A 100.0 mL portion of 0.250 M calium nitrate solution is mixed with 400.0 mL of .100M nitric acid solution. What is the final concentration of the nitrate ion?
Ca(NO3)2: nitrate ion .5M, so you have .05moles
HNO3: nitrate ion, .1M, so you have .04moles
Nitrate ion concentration=(.09)/.5L=.18M
where did you get the .5M from?
Ca(NO3)2 is .25M
To find the final concentration of the nitrate ion in the solution, we need to calculate the number of moles of nitrate ions present in each solution and then combine them.

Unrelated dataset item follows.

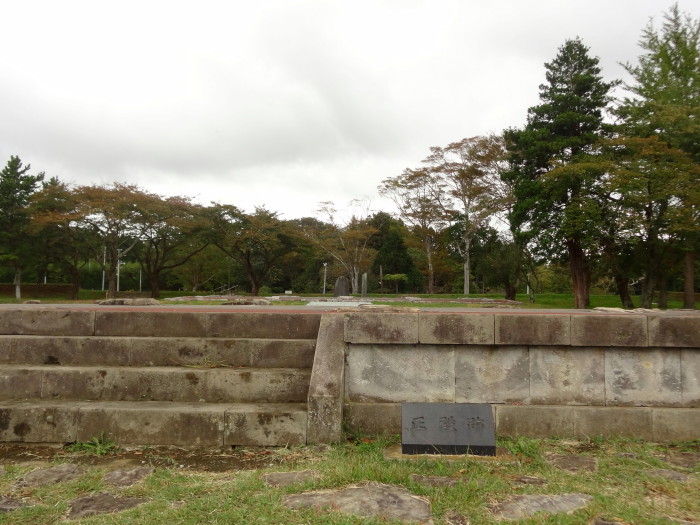 | 政庁南門跡の説明と推定復元図 | 西南建物跡の標識 | 政庁南門跡の礎石 | ||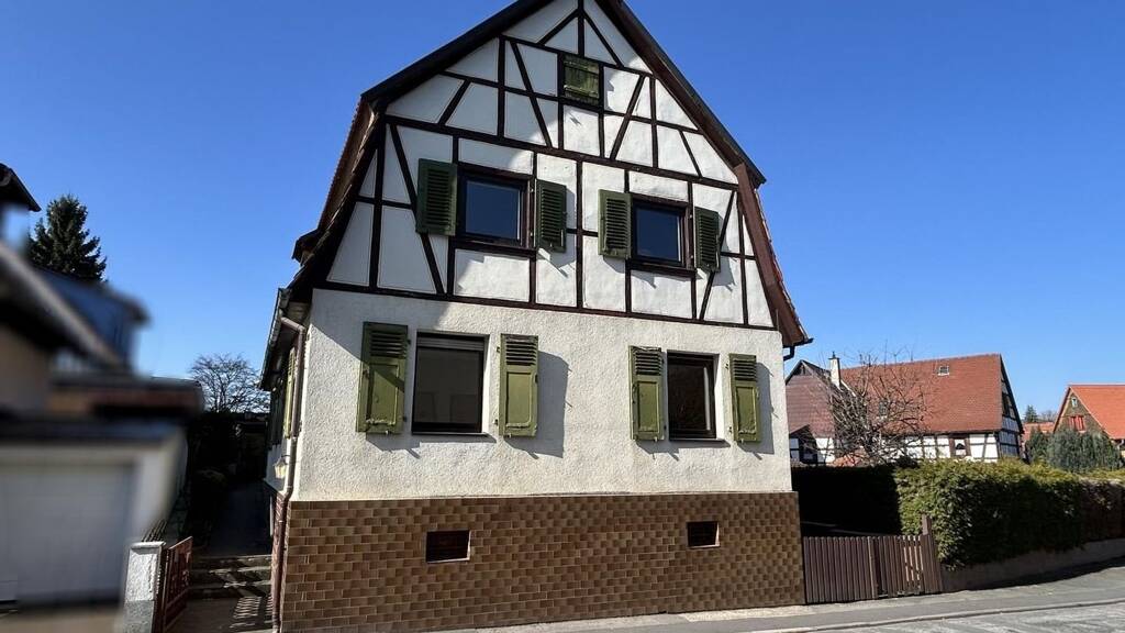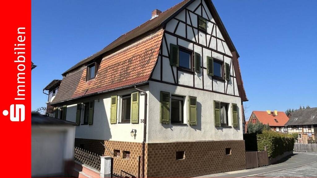 Gemütliches und sehr geräumiges Fachwerkhaus (OG+DG) mit Garage, großer Terrasse und kleinem Garten. Das Objekt verfügt über ca. 165 m² Wfl. auf 2 Etagen, sowie ca. 70 m² Nfl. im Keller und der Garage. Seinen Ursprung hat das Gebäude im Jahr 1919 wurde dann aber in mehreren Schritten in den 60er und 70er Jahren angebaut und vergrößert. Im Erdgeschoss befindet sich der Hauseingang mit großer Diele, ein geräumiges Wohnzimmer, die Küche, ein Esszimmer mit Zugang zum Innenhof und ein WC mit Dusche. Vom Flur aus gelangt man auf eine große, teils überdachte Terrasse auf der Garage. Im Dachgeschoss gibt es dann insgesamt 5 Zimmer und 2 Bäder. Weitere Nutzfläche gibt es im Dachgeschoss das über eine Treppe erreichbar ist. Weitere Nutzfläche steht Ihnen im Keller, der Garage und im Dachboden zur Verfügung. Die Immobilie ist bereits frei und vollständig geräumt, Ihre Renovierungsarbeiten könnten kurzfristig beginnen.

First, let's calculate the number of moles of nitrate ions in the 100.0 mL portion of 0.250 M calcium nitrate solution:
Molarity (M) = moles (mol) / volume (L)
Rearranging the equation to solve for moles:
moles (mol) = Molarity (M) * volume (L)
Moles of nitrate ions in the calcium nitrate solution = 0.250 M * 0.100 L = 0.025 mol
Next, let's calculate the number of moles of nitrate ions in the 400.0 mL portion of 0.100 M nitric acid solution:
Moles of nitrate ions in the nitric acid solution = 0.100 M * 0.400 L = 0.040 mol
Now, we need to combine the moles of nitrate ions from both solutions:
Total moles of nitrate ions = moles from calcium nitrate solution + moles from nitric acid solution = 0.025 mol + 0.040 mol = 0.065 mol
To find the final concentration of the nitrate ion, divide the total moles by the total volume of the combined solutions:
Total volume of the combined solutions = 100.0 mL + 400.0 mL = 500.0 mL = 0.500 L
Final concentration of the nitrate ion = Total moles / Total volume = 0.065 mol / 0.500 L = 0.130 M
Therefore, the final concentration of the nitrate ion in the solution is 0.130 M.